Graceful Shutdown

Martin Sustrik

Within a structured concurrency world, graceful shutdown is a little understood, little addressed and confusing topic.

I've been fighting with it myself for almost a year (longer than with any other problem I can recall) and it haven't been a pleasant experience. If felt like running in circles. Too many contradictory requirements, to much complexity and too often a solution I've came up with turned out to be one of the solution I've already rejected in disguise.

Nathaniel Smith on structured concurrency forum helpfully pointed me to the discussion about graceful shutdowns in Trio and oh boy, does that discussion sound familiar

Anyway, finally I've came up with a solution that's simple and works for all use cases. But it turns out it's one of those ideas that seem not to make sense until something clicks in one's mind. From there on though, they seem perfectly obvious, up to the point where one wonders how the others can possibly not get it.
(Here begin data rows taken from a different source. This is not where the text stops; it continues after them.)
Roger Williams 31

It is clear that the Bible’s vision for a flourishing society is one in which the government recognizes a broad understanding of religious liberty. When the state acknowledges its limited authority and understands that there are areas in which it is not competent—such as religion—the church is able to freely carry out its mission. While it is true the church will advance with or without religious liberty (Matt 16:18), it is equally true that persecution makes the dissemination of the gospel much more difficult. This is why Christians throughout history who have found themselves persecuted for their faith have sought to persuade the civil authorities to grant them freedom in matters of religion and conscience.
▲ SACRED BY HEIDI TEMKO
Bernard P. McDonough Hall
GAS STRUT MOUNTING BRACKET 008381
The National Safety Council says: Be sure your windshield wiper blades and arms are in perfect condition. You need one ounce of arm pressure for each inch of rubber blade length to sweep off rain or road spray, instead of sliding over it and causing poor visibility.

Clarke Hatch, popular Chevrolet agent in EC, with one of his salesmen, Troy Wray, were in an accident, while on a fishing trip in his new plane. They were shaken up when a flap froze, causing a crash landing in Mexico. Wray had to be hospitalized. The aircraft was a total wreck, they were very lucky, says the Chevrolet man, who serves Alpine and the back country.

In this post I'll try to explain.

The use case

The classic use case for graceful shutdown is a web server. It's handling many connections from the clients. When it's being shut down, you want it to happen in a controlled manner so that clients don't end up with half-loaded pages and such. Specifically, you want to stop the accept loop to make sure that no new connections are being made. Then you want to wait for say 10 seconds to give existing connections time to finish their work. Finally, when the time is up, you want to cancel any remaining connections and exit the process.

Of course, the nature of the workload may vary. Web server needs to shut down connections. CRUD application needs to shut down its connection to database. Yet different application may want to save data to disk before exiting.
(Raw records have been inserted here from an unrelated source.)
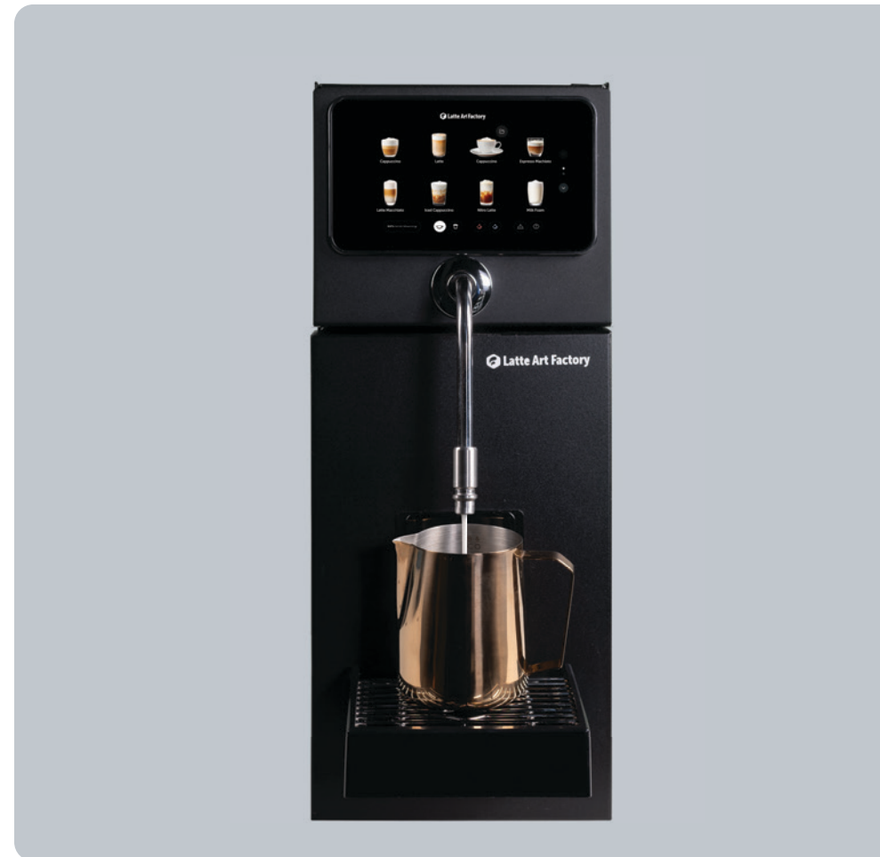
LAF Classic – full unit on counter
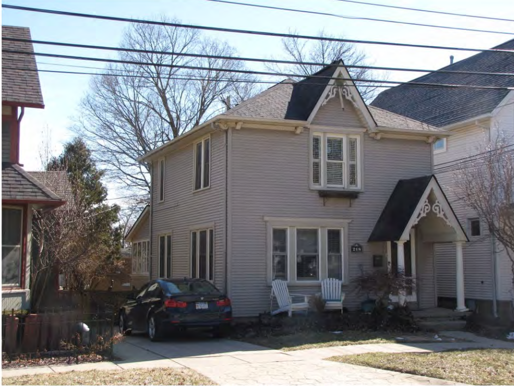
West 218_Looking Southeast
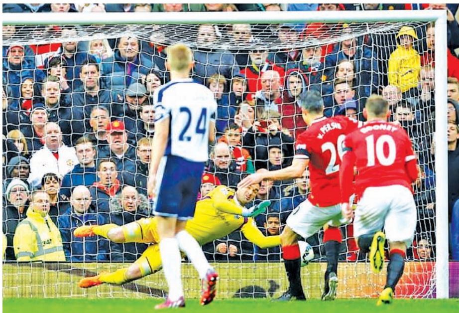
Manchester United’s Robin Van Persie has his penalty saved by West Bromwich Albion’s Boaz Myhill during their Barclays Premier League at Old Trafford on 2 May, 2015.

Chelsea have 83 points from 35 games and cannot be surpassed by closest rivals Manchester City, who visit Tottenham Hotspur later on Sunday, and Arsenal both of whom trail by 16 points. Palace remain 12 th with 42 points.—Reuters
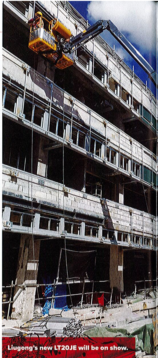
Liugong's new LT20JE will be on show.

MAGNI will showcase the latest range of articulated and telescopic boom lifts built through its partnership with Dingli.
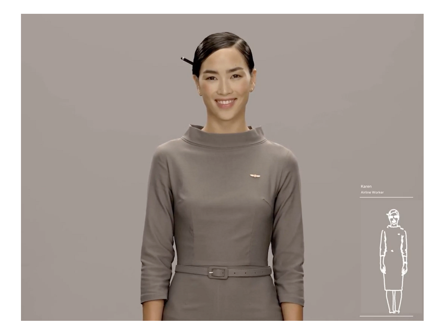
FIGURE 2-3. "KAREN," STAR LAB'S NEON <sup>5</sup>

What's graceful shutdown, anyway?

Graceful shutdown intuitively seems to be some kind of cancellation. Here, I would like to compare it to the classic hard cancellation and argue that graceful shutdown isn't anything like it.

Let's have a look at hard coroutine cancellation first. The code of the coroutine looks like this

if(rc == ECANCELED) return;
rc = recv(s, &msg);
if(rc == ECANCELED) return;
rc = sleep(60); i
f(rc == EANCELED) return;

When parent coroutine hard-cancels a child coroutine, a blocking call within the coroutine will immediately return an error (or, in high-level languages, it will throw an exception) and the coroutine will exit.

Think of hard cancellation as "asking the coroutine to return immediately". In reality, it may do some bookkeeping tasks before exiting (freeing the allocated memory etc.) but form the perspective of this article, thinking of hard cancellation as eliciting immediate "return" in the coroutine is a pretty good approximation.

Now have a look at graceful shutdown.

It's very different. By saying "shut down gracefully" we are asking the coroutine to finish whatever it was doing and start doing different kind of work, namely it's shutdown business logic. So, for example, while during its normal lifetime it may be receiving data from the network and writing them to the database, after graceful shutdown request it may want to exchange terminal handshakes with the network peers and start flushing any in-memory data to the database.

Not only is graceful shutdown not immediate. It can be arbitrarily long or even infinite. Consider the case when you are trying to exchange a terminal handshake with a network peer. If the peer is not responding, the graceful shutdown will never finish.

More on the nature of graceful shutdown: In-band vs. out of band

Consider a case where the parent coroutine sends the child coroutine a stream of tasks to process. It does so via a channel. It may send DoA, DoB and DoC requests. Then it hard-cancels the child. Hard cancellation is supposed to be immediate and so the child coroutine exits even though DoA, DoB and DoC haven't been processed yet.

Does the graceful shutdown work is a similar way? No. Graceful shutdown means "finish whatever you are doing but take your time and be careful; don't break the business logic". During graceful shutdown you definitely don't want to drop the requests on the floor. So, instead of sending an out-of-band signal, like hard cancel did, you just write an application-defined STOP message to the channel and leave the child coroutine to do it's work. After it processes DoA, DoB and DoC, it will eventually receive the STOP message. At that point it will do the terminal handshakes, it will flush data to disk and so on. Finally, it will exit.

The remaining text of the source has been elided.